Sonic also reported that net income from continuing operations for the second quarter came in at $12.3 million, or $0.27 per diluted share. These results include charges related to fixed asset impairments, weather-related physical damage costs, legal matters, and charges associated with closing and relocating stores. 

“Our activities in the quarter continue to support our long-term growth strategies,” Sonic chief executive officer Scott Smith said. “During the second quarter, we opened our new open point Audi store in Pensacola, Fla., and our sixth EchoPark store in Colorado. We believe these investments will offer strong earning streams as the underlying businesses mature. 

“Year to date, we also invested approximately $30 million returning capital to stockholders through dividends and share repurchases,” Smith continued. “Our facilities teams have been extremely busy as well, evidenced by the $121 million invested in capital expenditures during the first half of 2017. 

“We are committed to offering the best customer buying experience in the industry, which includes state-of-the-art facilities at both our franchised dealerships and EchoPark stores,” he went on to say.

25% jump in used sales helps Penske to income record

BLOOMFIELD HILLS, Mich. - 

Paced by a 25.1 percent jump in used-vehicle retail sales, Penske Automotive Group reported on Thursday that the company posted the highest quarterly income from continuing operations and earnings per share in company history during the second quarter.

Penske highlighted Q2 income from continuing operations attributable to common shareholders increased 11.9 percent to $106.0 million, and related earnings per share increased 10.8 percent to $1.23 when compared to the same period last year.

Through its international operations, Penske indicated that it retailed 66,208 units during the second quarter, up from 52,936 units a year earlier.
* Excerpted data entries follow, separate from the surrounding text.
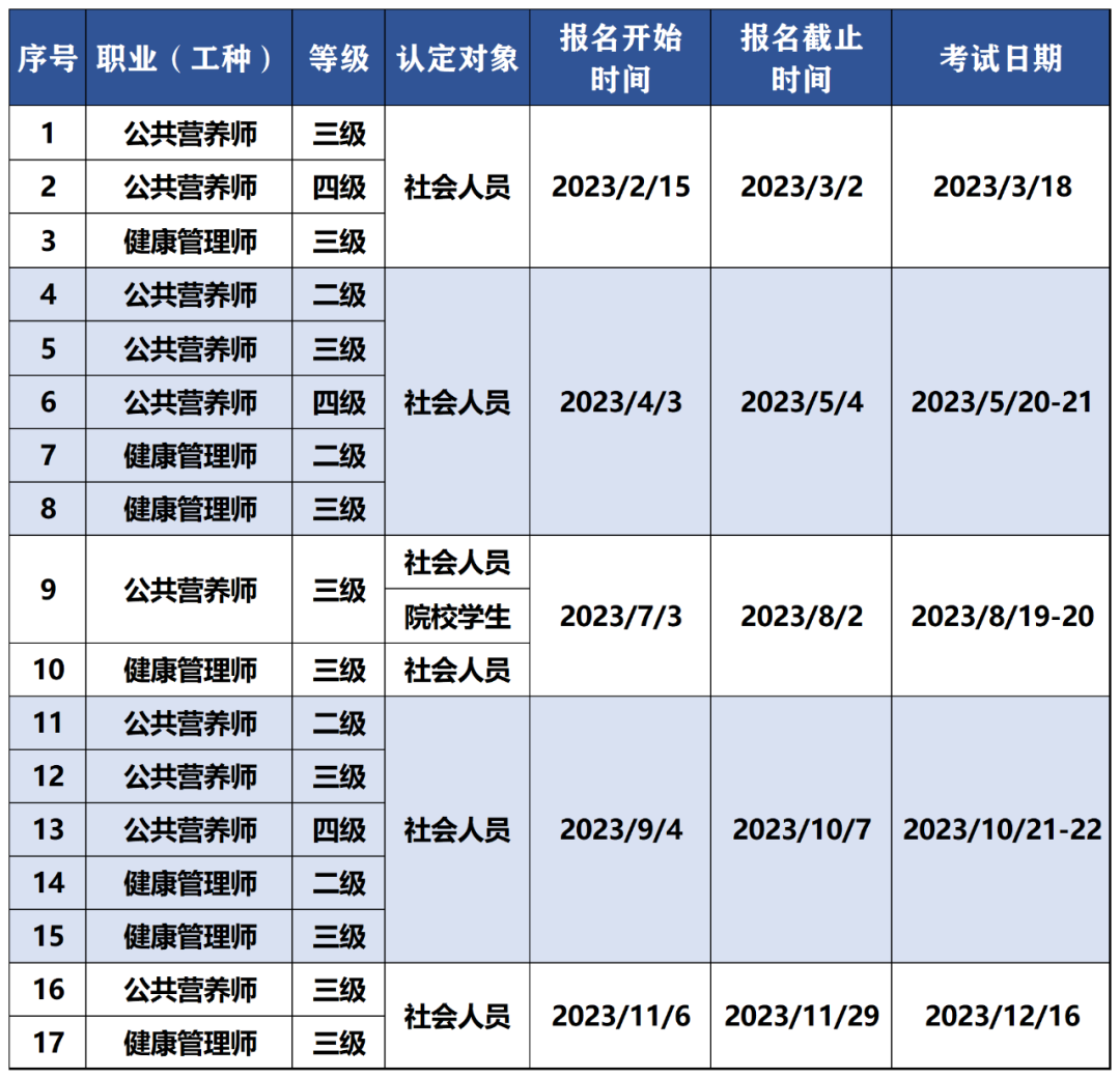健康管理师 公共营养师 | 三级(高级) | 3月、5月、8月、10月、12月 |
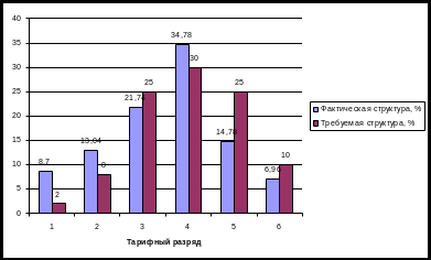 По диаграмме видим, что фактическая структура рабочих перераспределена в сторону низких разрядов по сравнению с требуемой структурой. На лицо нехватка высококвалифицированных кадров.
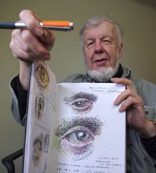 I take several pictures and then Forrestall leafs through the notebook to give me an idea of what it’s all about. Every page is filled with drawings, thoughts, notes, ideas. Everything from the eye studies to possible shapes of future paintings.
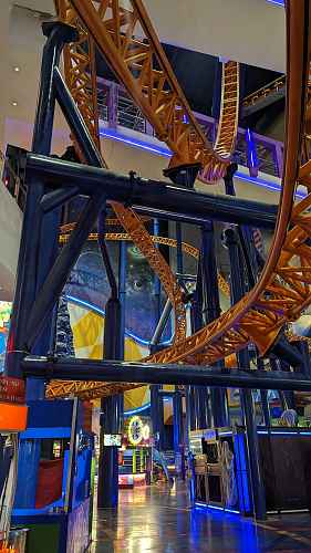 The roll is over a main walkway, providing an interesting vantage point of riders twisting above.
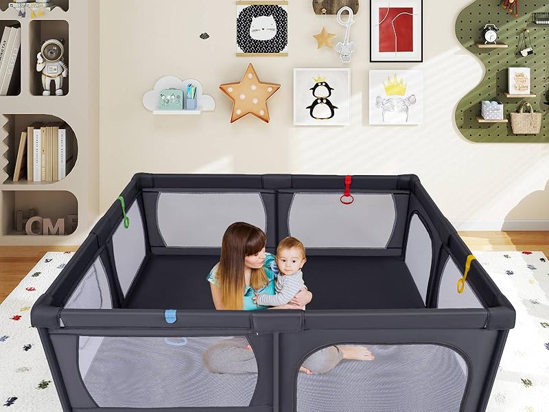 - ✔BREATHABLE AND ACCESSIBLE DESIGN- The breathable mesh sidewalls of the playard center not only improve air circulation but also offer a clear view of your child. The convenient side storage pocket allows for easy access to toys and essentials while keeping your space tidy.
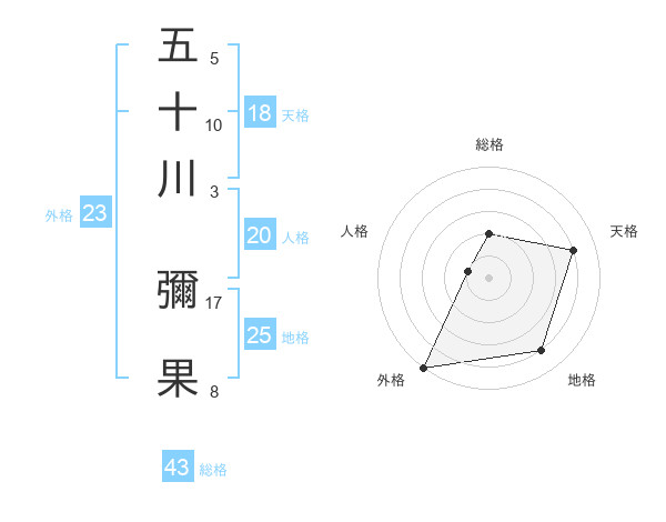 五十川 彌果さんの総格は43画の2点!
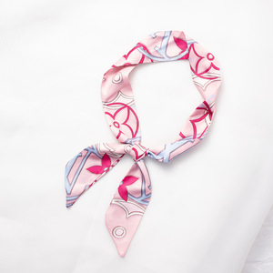 長方形のシルクスカーフをヘアバンドやバッグの飾りとして使える、斜めにカットされたシンプルで汎用性の高いリボンです。女性が髪を結んだり、バッグを飾ったりするのに最適です。
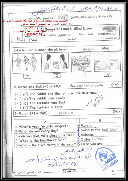 امتحانات انجليزي للصف الخامس الفصل الأول 2011 2015 المكتبة الفلسطينية الشاملة
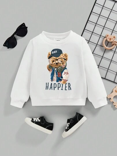 Baby Boy Bear & Letter Print Casual Sweatshirt, Cute & Minimalist Design, Suitable For Autumn/Winter - White - View 1
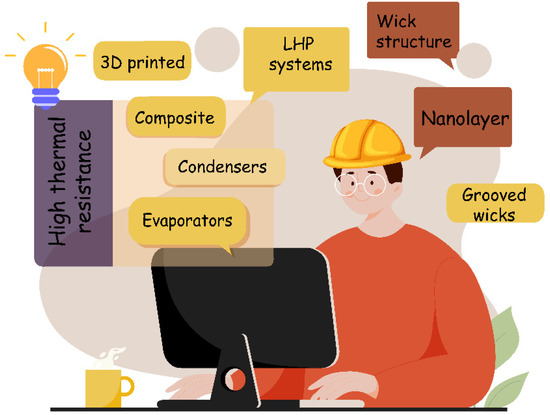 Although the importance of LHPs in a wide range of applications has been recognized, work on the wick structures as an important part of LHPs is still in the early stages of its development. In this review, a particular emphasis has been dedicated to providing a broad overview of the topic of LHPs using wick structures based on very recently released publications. In the first section, we briefly introduce some vocational challenges and difficulties that exist in the development of LHPs. Then, we explain the latest wick families studies that play an effective role in the LHP systems. The heat transfer, permeability, thermal resistance, and heat transfer capacity of LHPs have been discussed by considering the performance of wick structures. Herein, the literature are categorized and fully discussed based on the most current wick structures that have been used for the enhancement of LHP performance, which include bi-porous, grooved, nano-layers, composite, and additively manufactured structures. To delve into deeper layers of the trend of important parameter changes such as heat transfer capability and thermal resistance, the most probable wick structure to show a higher heat transfer coefficient is highlighted. It should be noticed that composite wicks, including composite screens and screen-covered grooves, provide high-capillary pressure and high permeability, but this structure requires complex manufacturing steps [27,28,29]. On the other hand, additive manufactured structures, as an alternative to previous structures, allow much greater freedom in defining the wick geometry and properties [30,31]. Since the most important goal in the performance of LHPs is to achieve higher heat transfer, future research can focus on designing and engineering new wick structures.
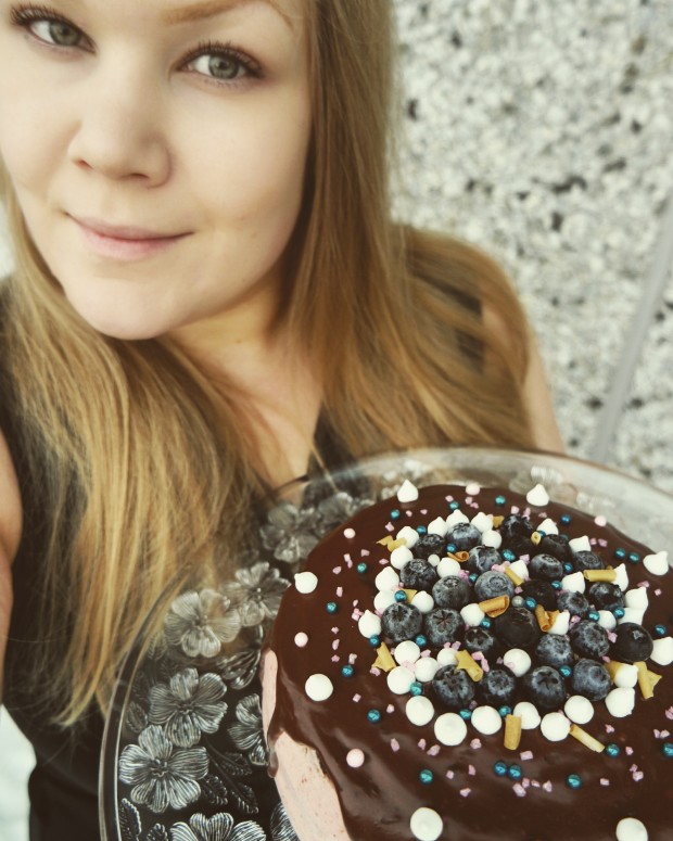 Paista 175-asteisessa uunissa noin 20 minuuttia. Anna jäähtyä,kostuta ja koristele tomusokeri-vesi seoksella ja vadelmamarmeladilla.
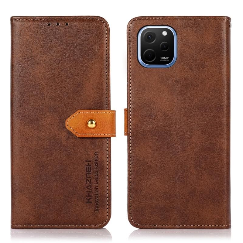 Θήκη τηλεφώνου Huawei Nova Y61 KHAZNEH Δερμάτινη αναδιπλούμενη με διχρωμία και υφή δέρματος αγελάδας (Καφέ)
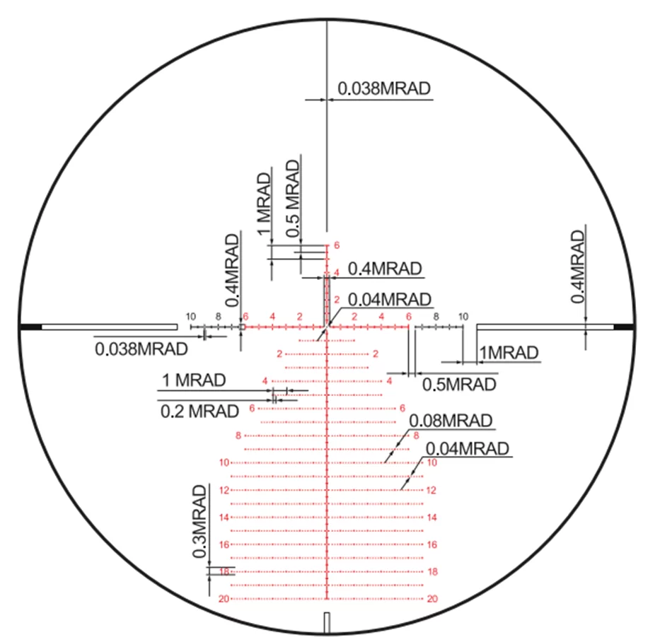 Баллистическая прицельная сетка MA20-MRAD (FFP) с регулируемой подсветкой

While the company turned many more used vehicles, Penske acknowledged its gross profit per unit softened to $1,416, off from $1,697 in the second quarter of last year.

Meanwhile, Penske also improved its F&I gross profit per unit performance as the Q2 figure came in at $1,131, representing a rise of $39 year-over-year.

 “I am pleased to report another quarter of record results, highlighting the diversity of our transportation services business model, driven by the solid performance of our U.S. and U.K. automotive markets, contribution from our used car super centers, and the benefit from the investment in Penske Truck Leasing,” Penske Automotive Group chairman Roger Penske said.

“Further, I was particularly pleased to see the 130 basis-point improvement in our automotive retail service and parts gross margin to 59.5 percent,”  Penske continued, “Our performance continues to demonstrate and reinforce the adaptability of our business to market conditions.”

As a result, Penske’s board of directors approved an increase in the cash dividend to $0.32 per share for the second quarter.

Commenting on the dividend, Penske Automotive Group president Robert Kurnick Jr., said, "For the 25th consecutive quarter, the board of directors is pleased to offer an increase in the quarterly dividend for PAG's shareholders. This increase continues to demonstrate the confidence we have in our diversified business model."

The dividend is payable on Sept. 1 to shareholders of record on Aug. 10.